The only provision in the Conflict of Interest Act that specifically addresses fundraising is section 16, which prohibits public office holders from personally soliciting funds if it would place them in a conflict of interest. There is no equivalent rule in the Code. There are other more general rules of conduct in both the Act and the Code that may apply.
Both the Act and the Code contain a prohibition against accepting “gifts or other advantages” (section 11 in the Act) or “gifts or other benefits” (section 14 in the Code) that might reasonably be seen to influence the public office holder or Member, as the case may be, in the exercise of his or her official duties and functions.
The Act also contains a rule prohibiting preferential treatment in official decision-making of any person or organization based on the identity of a person engaged to represent that person or organization (section 7).

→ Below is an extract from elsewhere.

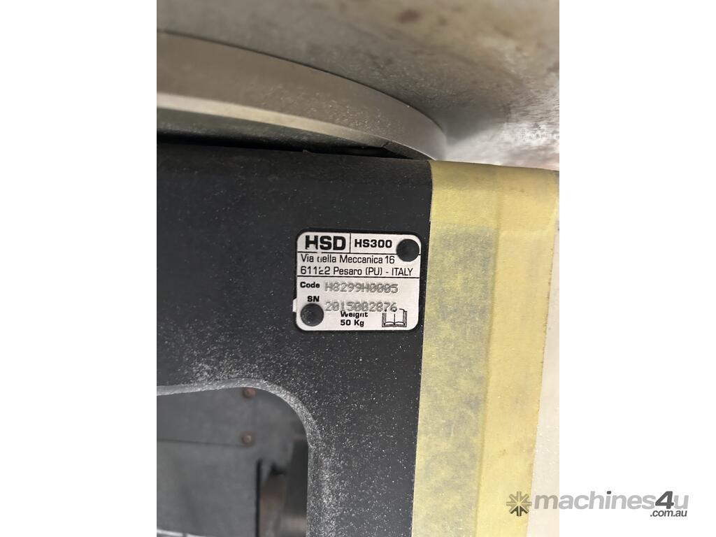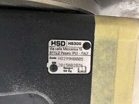 Italian HSD HS300 5-axis machining head with HSK F63 taper (see nameplate in photos) – compact rotary head ideal for 5-sided machining and deep cavities. HS300 heads provide approximately +100°/-40° A-axis tilt and ±220° C-axis rotation, giving excellent access for undercuts and complex geometry.

In order to understand Ms. Raitt’s involvement in the fundraising event, it was necessary to document the activities of individuals most directly involved, including Ms. Raitt’s former assistant at the Toronto Port Authority and the lobbyists involved in the event. This report includes a description of the follow-up action taken after the fundraising event to provide context for my general observations. I underline, however, that my mandate was not to make findings in relation to the conduct of anyone other than Ms. Raitt as none of the other individuals involved are subject to the Act or the Code. With respect to the activities of the lobbyists, it is up to the Commissioner of Lobbying to decide whether this should be addressed further.
The witnesses interviewed were, for the most part, cooperative and credible. There were some differences in testimony as to some of the material facts, and these are mentioned in the report. Where it was necessary to resolve these differences, I did so and my findings are set out in this section of the report.
THE HALTON CONSERVATIVE ASSOCIATION
It is necessary to explain the role of the Halton Conservative Association and Ms. Raitt’s relationship to it. That Association is registered as the electoral district association of the Conservative Party of Canada under the Canada Elections Act for Ms. Raitt’s constituency of Halton. The Association is commonly called the Halton Conservative E.D.A., the initials standing for “electoral district association”. Electoral district associations are commonly known as riding associations or constituency associations.
Mr. John Challinor, President of the Halton Conservative Association, was very credible and helpful with the information he provided my Office. He advised my Office that the association is made up of volunteers who are members of the Conservative Party of Canada. Its day-to-day activities are directed by its volunteer board and officers. Mr. Challinor told my Office that, under the Conservative Party Constitution, Ms. Raitt is an ex officio member of the Board as the sitting Member of Parliament for Halton. She attends about half of the board meetings, where she talks about her activities in the riding and other responsibilities. She does not get involved in administrative and financial matters. Ms. Raitt confirmed this and said that she usually leaves after providing the “MP’s Report”.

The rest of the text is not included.